At the outbreak of the Second World War in 1939, the Indian army numbered around 200,000 soldiers. By the end of the war in 1945, that figure had soared to 2.5 million. During the conflict, Indian troops fought at major battles across various theatres, from Monte Cassino in Italy to Kohima in north-eastern India. They served in the deserts of north and east Africa, and around the Mediterranean in Greece and Italy, rolling into Rome as it was recaptured from the Germans. They were the backbone of Allied forces in the grisly battles for Burma. Indians were evacuated at Dunkirk, and Indian fighter pilots in the RAF flew deadly sorties during the Battle of Britain.
We know more about these soldiers than ever before. Some 86,000 of them died, while others were captured and held as prisoners of war; many experienced brutal treatment in the Pacific. Some 30 Indian soldiers were awarded Victoria Crosses for valour during the Second World War. There is hardly a Commonwealth War Memorial that doesn’t include at least a few south Asian names; rather than headstones marked with crosses, memorials mark the sites of ghats (cremation pyres) for Hindus or Sikhs, while the graves of Muslim soldiers face towards Mecca. South Asian casualties (including men from regions now in India, Pakistan, Nepal, Sri Lanka and Bangladesh) from both world wars are commemorated in 50 countries.
Enlisting was voluntary – the Indian army was not raised by conscription – but for many men, joining the forces was a longstanding traditional family occupation. For others, the chance to earn regular meals and a decent salary was too good to refuse.

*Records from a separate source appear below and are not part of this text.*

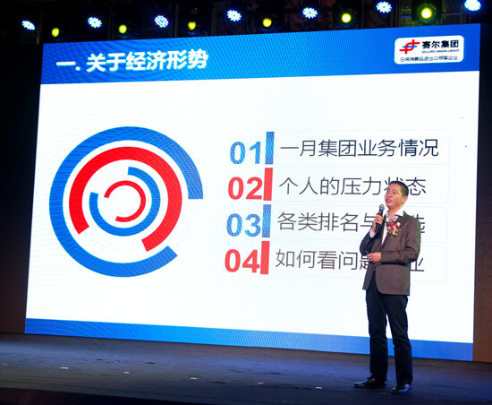 表彰結(jié)束后,徐平炬總裁向全體與會同事分享了他一年來的所思所悟。徐總從當下經(jīng)濟形勢入手,在企業(yè)家精神、公司競爭力、品牌傳播與自媒體建設(shè)、投資布局、薪酬結(jié)構(gòu)、互聯(lián)網(wǎng)影響等方面作了簡明扼要的闡述。雖然外貿(mào)行業(yè)面臨嚴峻形勢,但賽爾集團仍然在2015年實現(xiàn)了穩(wěn)健發(fā)展,2016年1月份更以近7000萬美元創(chuàng)下月度出口額歷史新高,對于2016年企業(yè)發(fā)展,有壓力但更有信心。徐總說,每個企業(yè)都需要敢為人先、勇于開拓、能擔當?shù)钠髽I(yè)家精神,當前集團各子公司總經(jīng)理都是行業(yè)認可的優(yōu)秀企業(yè)家,各子公司業(yè)務(wù)部門負責人在某種意義上也是企業(yè)家,賽爾集團還要在內(nèi)部培養(yǎng)出更多具有企業(yè)家精神的團隊領(lǐng)導(dǎo)者,從而推動企業(yè)的長遠健康發(fā)展。當前,集團競爭力主要體現(xiàn)在獨特的經(jīng)營模式、綜合的軟實力、集團化的高效運作和較強的行業(yè)影響力,這種差異化的競爭力仍需堅持并進一步鞏固提升。徐總表示,近年來集團先后投資成立了優(yōu)貿(mào)供應(yīng)鏈、環(huán)宇港通和優(yōu)游國旅,探索了出口跨境電商B2C業(yè)務(wù),搭建了在線外貿(mào)商務(wù)平臺“賽爾在線”,下階段將著手布局進口跨境電商B2B業(yè)務(wù),這些投資都是圍繞外貿(mào)主業(yè)所作的延伸布局和有益探索,這些投資和布局必將進一步提升集團的外貿(mào)綜合服務(wù)能力。徐總還與大家分享了互聯(lián)網(wǎng)對當今這個時代和企業(yè)發(fā)展影響的看法,并建議大家低配人生和物質(zhì)要求,努力工作,提升自己,跟上公司發(fā)展的步伐,在上升通道中實現(xiàn)人生的追求。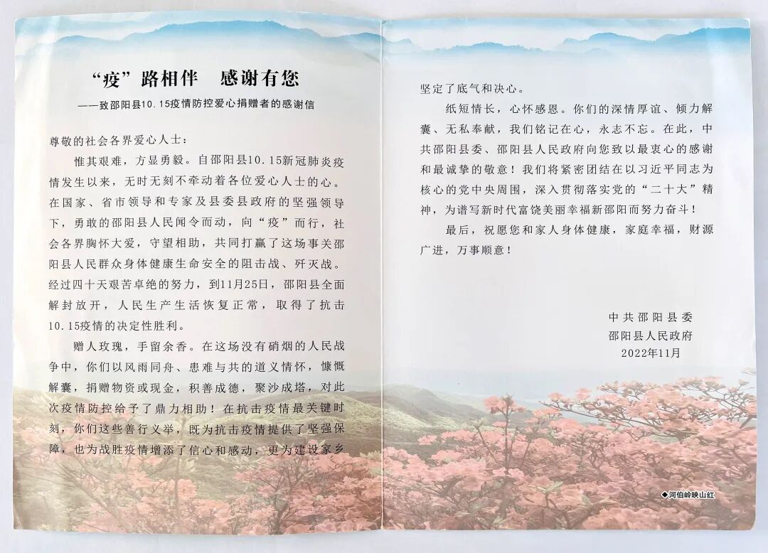 作为有责任、有继续的企业,在企业生长壮大的同时,不忘回馈社会,造福人民。2022年10-11月,邵阳县新冠疫情十分紧急,在918博天堂集团为首的牵头组织下,佛山市湖南邵阳商会齐心协力,短时间内筹集了价值近60万元的抗疫物品和生活物资,分三批次8台大货车迅速运往家乡,支援抗疫;其中918博天堂集团出资现金12万元用于购置抗疫物品。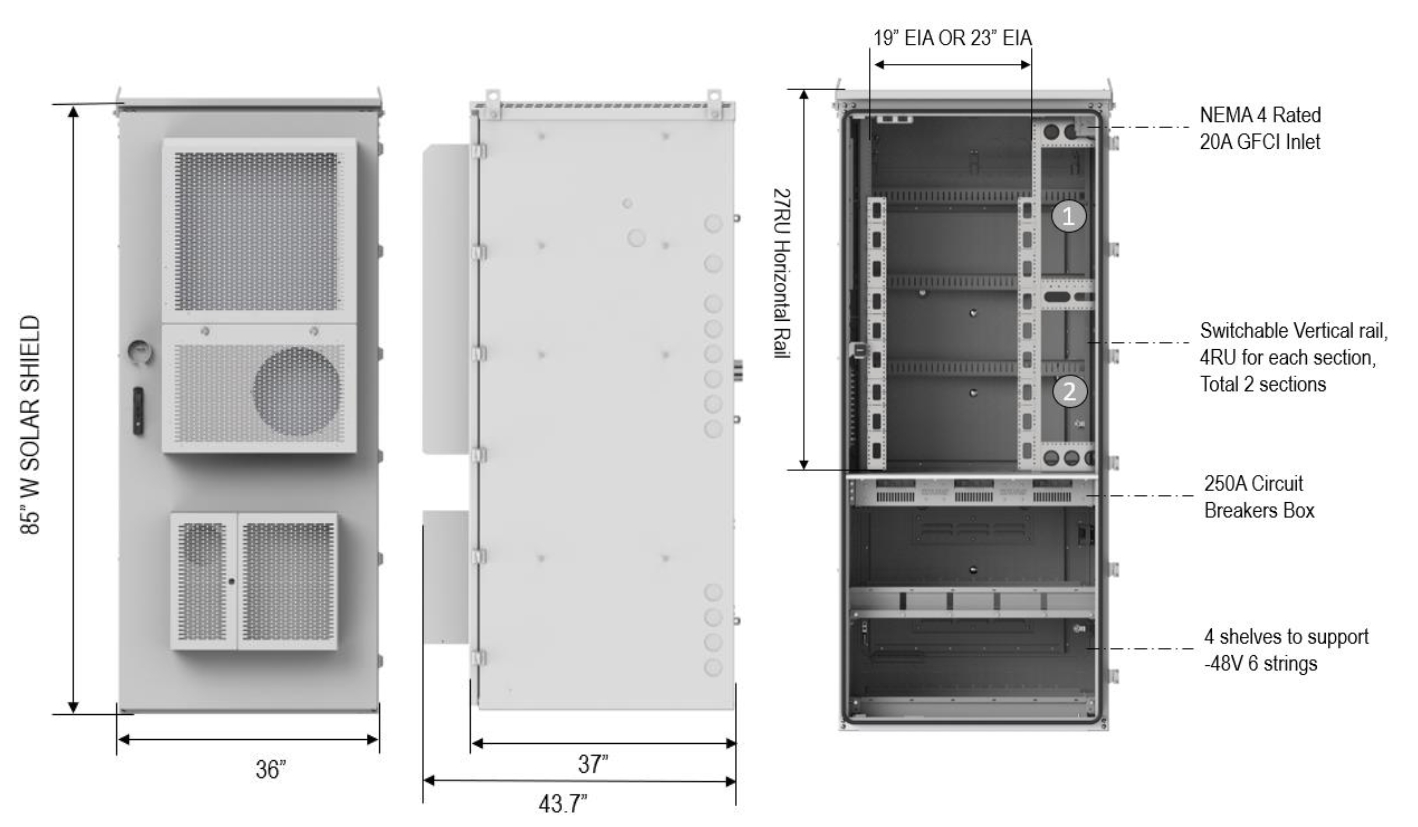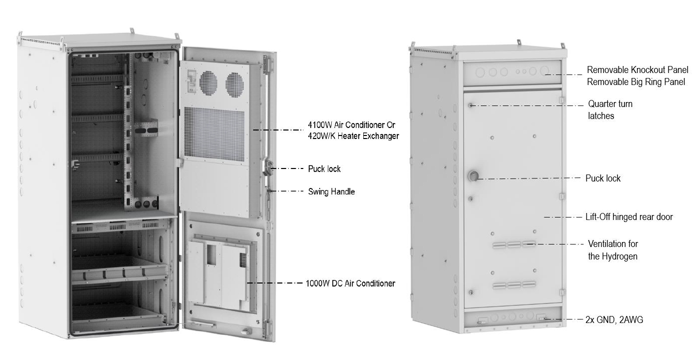 | Cooling | DC Rated 1000W Air Conditioner for Battery Compartment | DC Rated 4100W Air Conditioner Or 420W/k Thermosiphon unit for equipment compartment |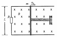 22.如图所示,固定的水平光滑金属导轨,间距为L,左端接有阻值为R的电阻,处在方向竖直、磁感应强度为B的匀强磁场中,质量为m的导体棒与固定弹簧相连,放在导轨上,导轨与导体棒的电阻均可忽略.初始时刻,弹簧恰处于自然长度,导体棒具有水平向右的初速度v0。在沿导轨往复运动的过程中,导体棒始终与导轨垂直并保持良好接触.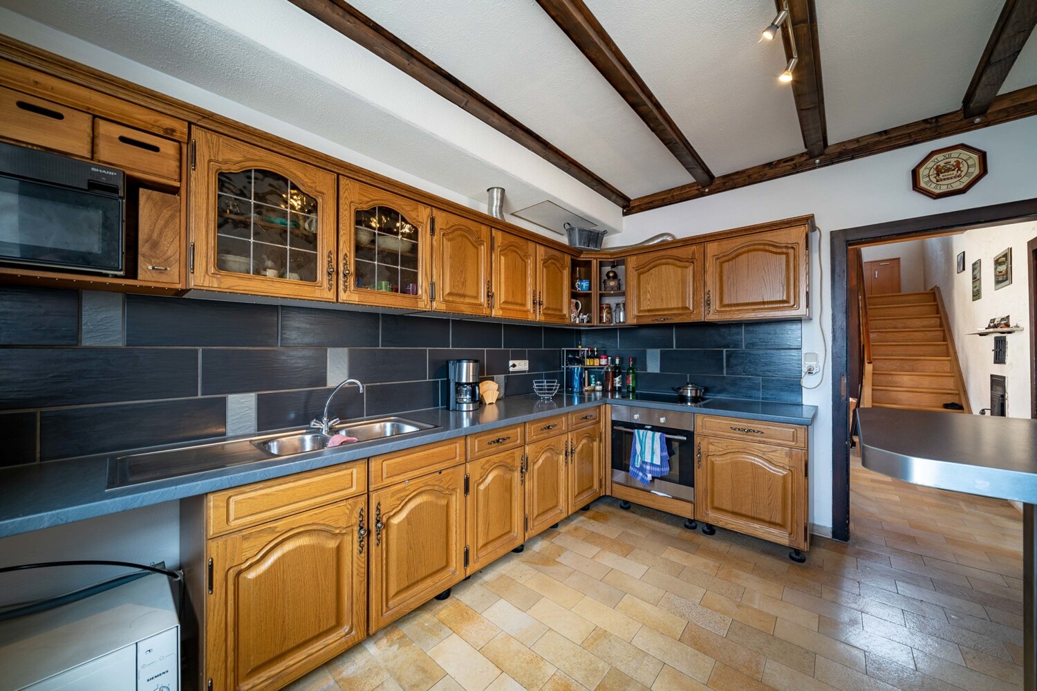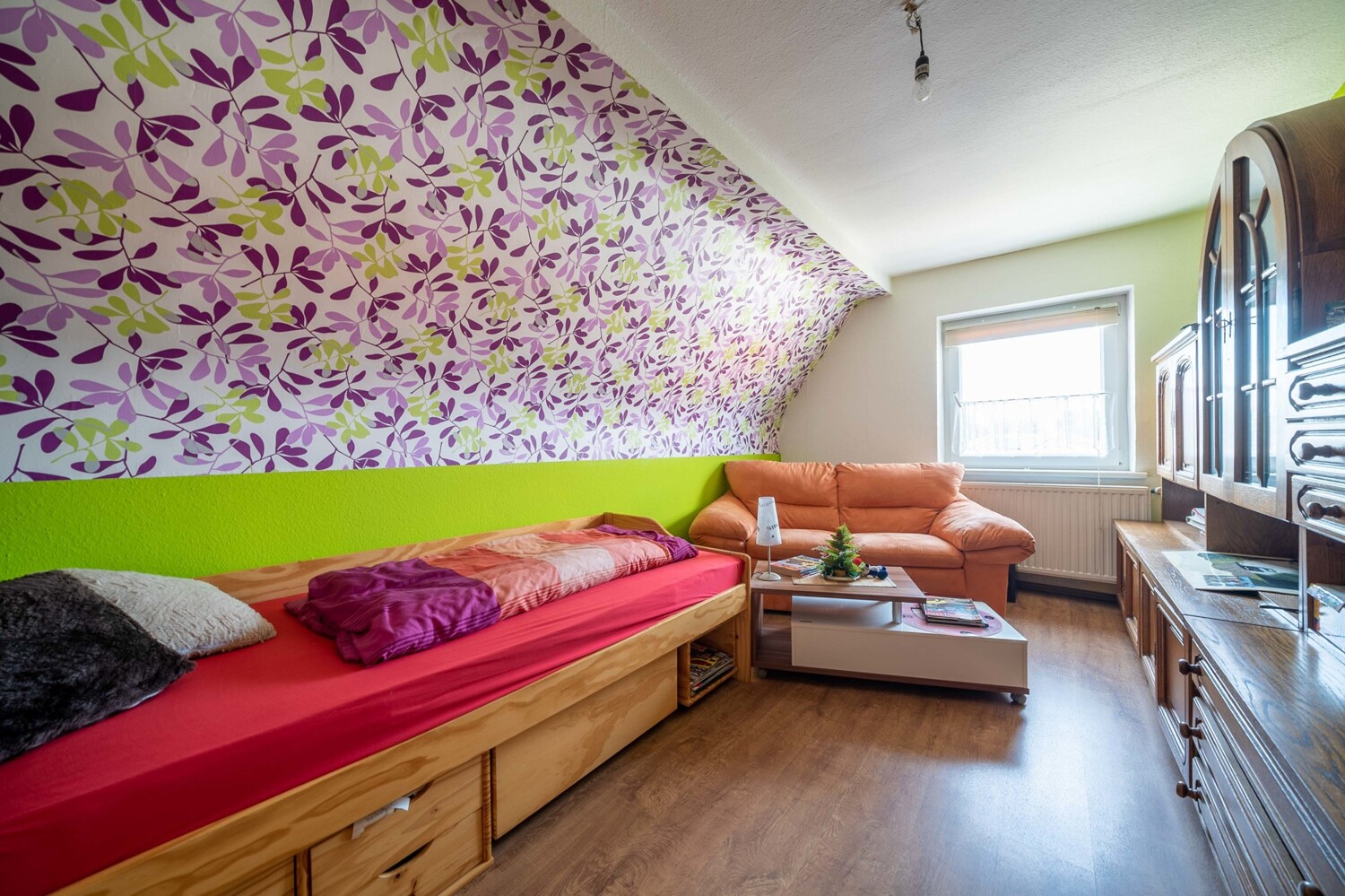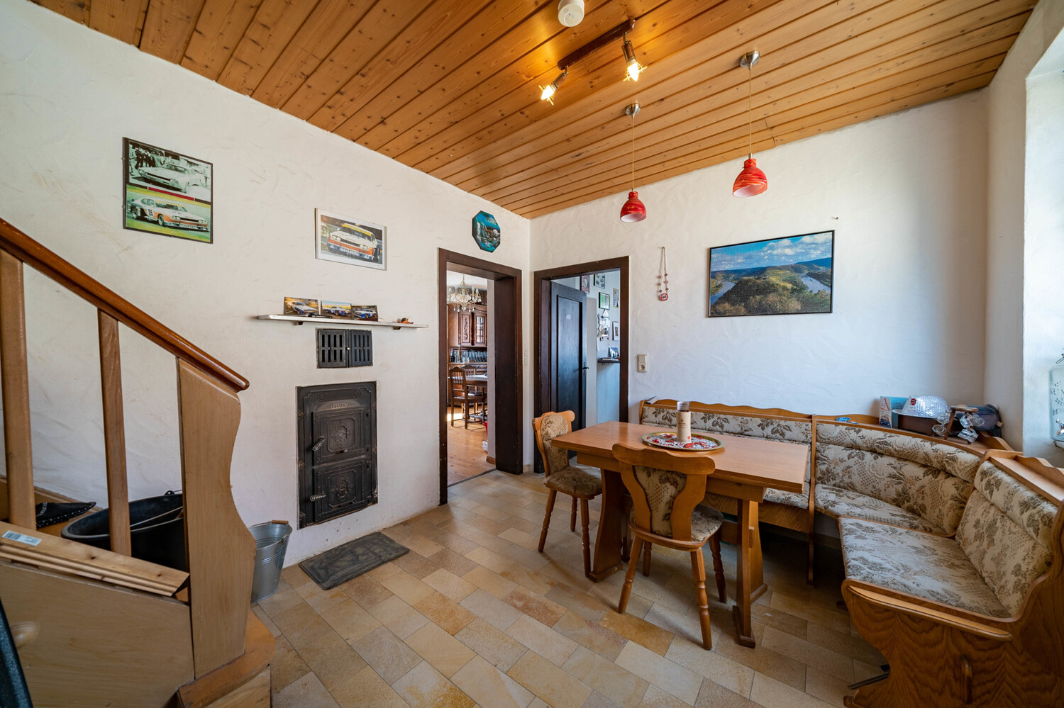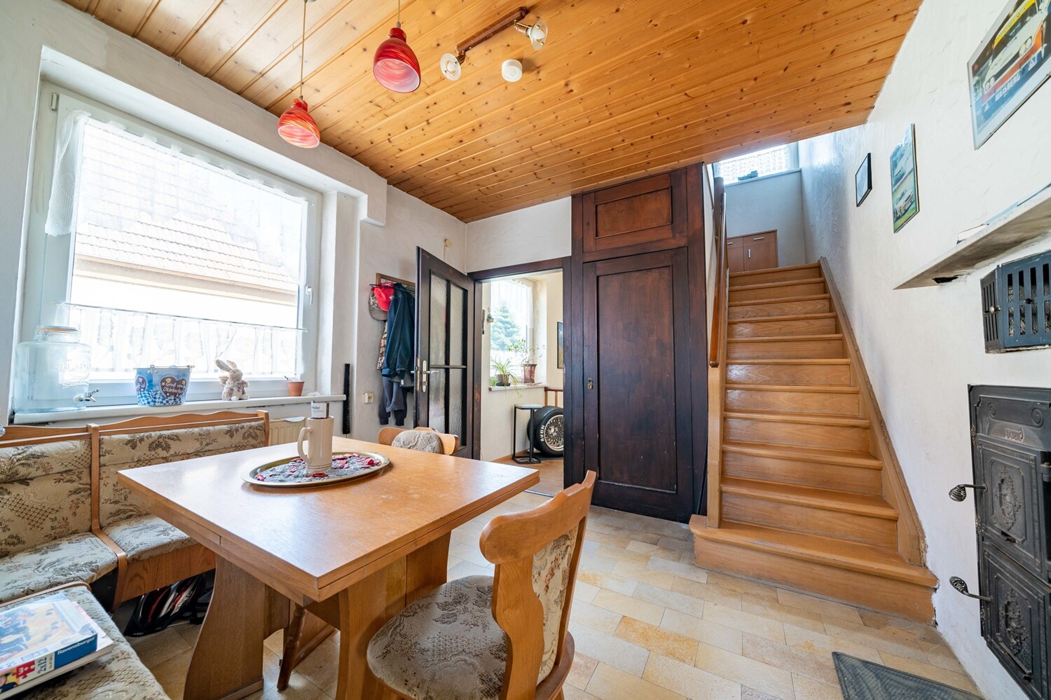 Das Highlight hier: ein Kachelofen, der das Ober-/ und Dachgeschoss mit beheizt.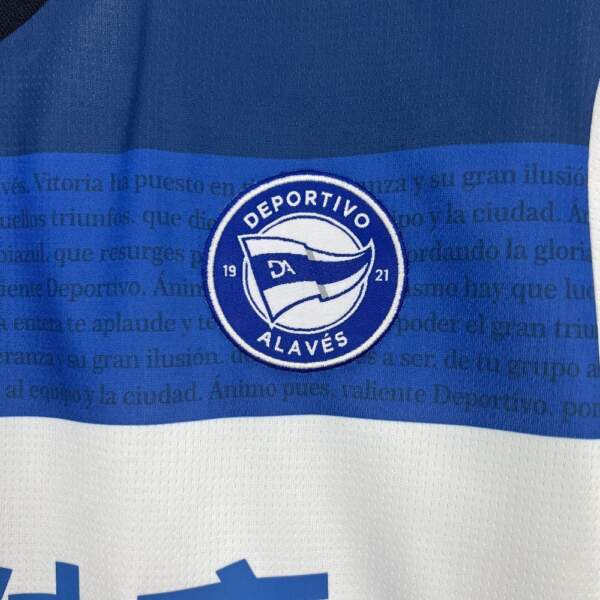 4. Escudo y Patrocinadores: El escudo del Deportivo de Alavés y los logotipos de patrocinadores se integran de manera armónica, sin sobrecargar el diseño general.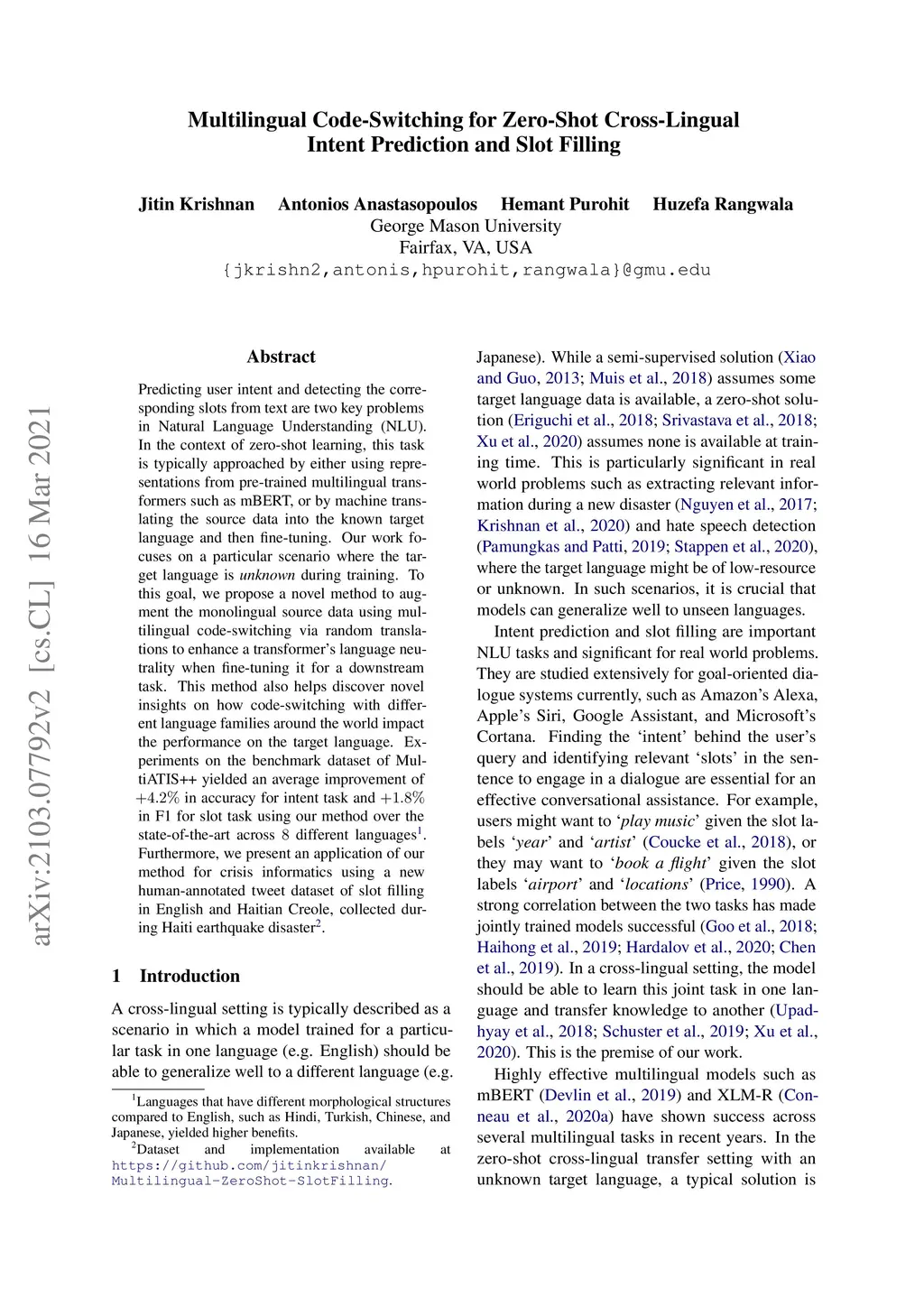 Predicting user intent and detecting the corresponding slots from text are two key problems in Natural Language Understanding (NLU). In the context of zero-shot learning, this task is typically approached by either using representations from pre-trained multilingual transformers such as mBERT, or by machine translating the source data into the known target language and then fine-tuning. Our work focuses on a particular scenario where the target language is unknown during training. To this goal, we propose a novel method to augment the monolingual source data using multilingual code-switching via random translations to enhance a transformer's language neutrality when fine-tuning it for a downstream task. This method also helps discover novel insights on how code-switching with different language families around the world impact the performance on the target language. Experiments on the benchmark dataset of MultiATIS++ yielded an average improvement of +4.2% in accuracy for intent task and +1.8% in F1 for slot task using our method over the state-of-the-art across 8 different languages. Furthermore, we present an application of our method for crisis informatics using a new human-annotated tweet dataset of slot filling in English and Haitian Creole, collected during Haiti earthquake disaster.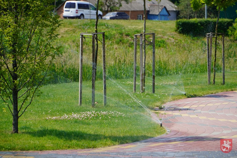 У понаднормову спеку комунальні служби у посиленому режимі проводять поливання трави на міському стадіоні, а також газонів і декоративних насаджень у парку на острові “Риловиця”. Зокрема доводять до відома відвідувачів парку, що з 22:00 до 7:00 на території острова працюватимуть поливні системи. Наявність системи забезпечує рівномірність й оптимальність зволоження при економному використанні води.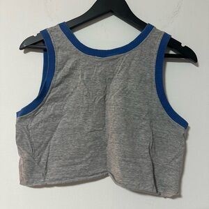 Gray crop top with blue trim. Official NBA product. NETS" wordmark in blue with blue trim. reworked (cut) item from the era when the team was located in New Jersey, prior to their move to Brooklyn. Vintage size M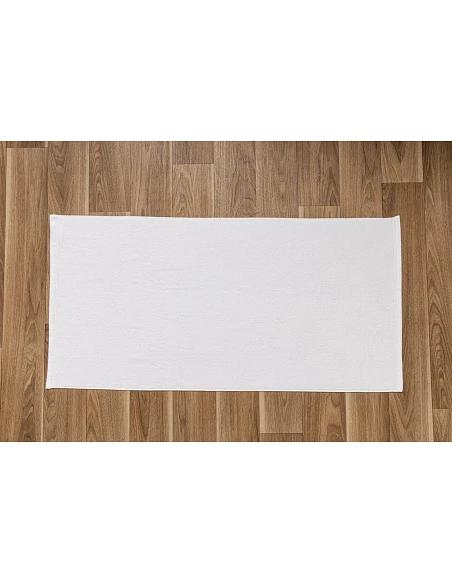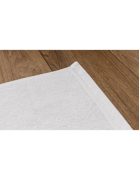 Alfombra con 750 gr./m2, desenvolvida especificamente para hoteles, spa y centros de estética, por ello el dobladillo va cosido duplo, solidez al lavado hasta 60°, hilo duplo 24/2 rizo, alta absorción y suavidad.

But what about south Asians at home – how did ordinary people experience the war on India’s ‘home front’? This part of India’s war story is strangely obscure, yet the global war that wrenched apart societies across the world was a powerful force shaping India’s development during the 1940s.
Epicentre of conflict
In February 1942, George Orwell wrote: “With the Japanese army in the Indian Ocean and the German armies in the Middle East, India becomes the centre of the war.” India was the pivot of the British empire, and in 1942 the Japanese seized the entire flank of the empire east of India. This was a decisive moment: Britain’s jewel in the crown had to be held at almost any price.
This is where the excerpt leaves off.